Please note: This article is published as an archive copy from Philadelphia City Paper. My City Paper is not affiliated with Philadelphia City Paper. Philadelphia City Paper was an alternative weekly newspaper in Philadelphia, Pennsylvania. The last edition was published on October 8, 2015.

What did Chris Ritter know about West Passyunk before becoming partner and chef of Cousin’s Grubhouse? “I knew almost nothing,” he says. “Wait — I should remove the modifier. I knew nothing.”

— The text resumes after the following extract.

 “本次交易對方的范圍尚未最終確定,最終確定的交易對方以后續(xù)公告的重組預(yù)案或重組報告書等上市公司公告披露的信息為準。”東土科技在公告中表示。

A reformed attorney who cooked at a Delran hoagie shop through school, Ritter legitimized his culinary ambitions with gigs at Rogues Gallery and Brauhaus Schmitz before recently landing at Grubhouse. Last year, his business partner, Jim Lord, took over the space that had housed a luncheonette since 1955. 

I grew up in this neighborhood, but can only remember eating at Cousin’s once. I don’t remember what I ate, but it definitely wasn’t fluffy buttermilk biscuits with tangy house-made tomato jam — a sidecar to the crunchy, panko-crusted chicken cutlet that was sunk like a surfboard in sand into a bowl of milk-shake-creamy grits. Scallions, hot sauce and schmaltz topped off the dish.

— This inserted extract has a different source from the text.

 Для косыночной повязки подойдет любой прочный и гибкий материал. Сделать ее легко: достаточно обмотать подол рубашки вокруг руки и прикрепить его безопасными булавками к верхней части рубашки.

Schmaltz isn’t exactly a pantry staple in this area, a mix of black, Asian and Italian households. But it’s selling, as are approachable breakfast and lunch upgrades like tender pancakes with a halo of coconut-milk caramel, pulled pork sandwiches tossed in a root-beer barbecue sauce, an Elvis Melt with bacon powdered sugar, a Cuban sandwich — all foodie baby steps for a bacon, egg and cheese crowd.

A polished counter runs down the front of the space, next to a pastry case stocked with baker Susan Wierzbicki’s brownies, bars and cupcakes lathered with Bailey’s frosting. Thick-knuckled guys in hoodies nibble at her raspberry linzer cookies 

Though the food is terrific and the prices dirt cheap, Grubhouse is almost more important for what it represents for this neighborhood, where the nearby corners host Philip’s Steaks, Dati’s Water Ice and the kind of nail salons with Gina Gershon-in-Cocktail faces emblazoned on the signs and windows.

Things are percolating here in South Philly’s Wild West, thanks to businesses like Miss Rachel’s Pantry, the Taproom on 19th, Café con Chocolate and JR’s, a bar where I used to drink Captain and Cokes when I was in high school and that now does underground punk shows. Cousin’s Grubhouse has joined this cohort, forging unexplored territory in the Red Gravy Belt.

Cousin’s Grubhouse | 2340 S. Hemberger St., 215-334-3525, cousinsgrubhouse.com. Mon.-Fri., 7:30 a.m.-2 p.m.; Sat.-Sun., 8 a.m.-3 p.m. Breakfast, $2-$8.50; lunch, $2-$8.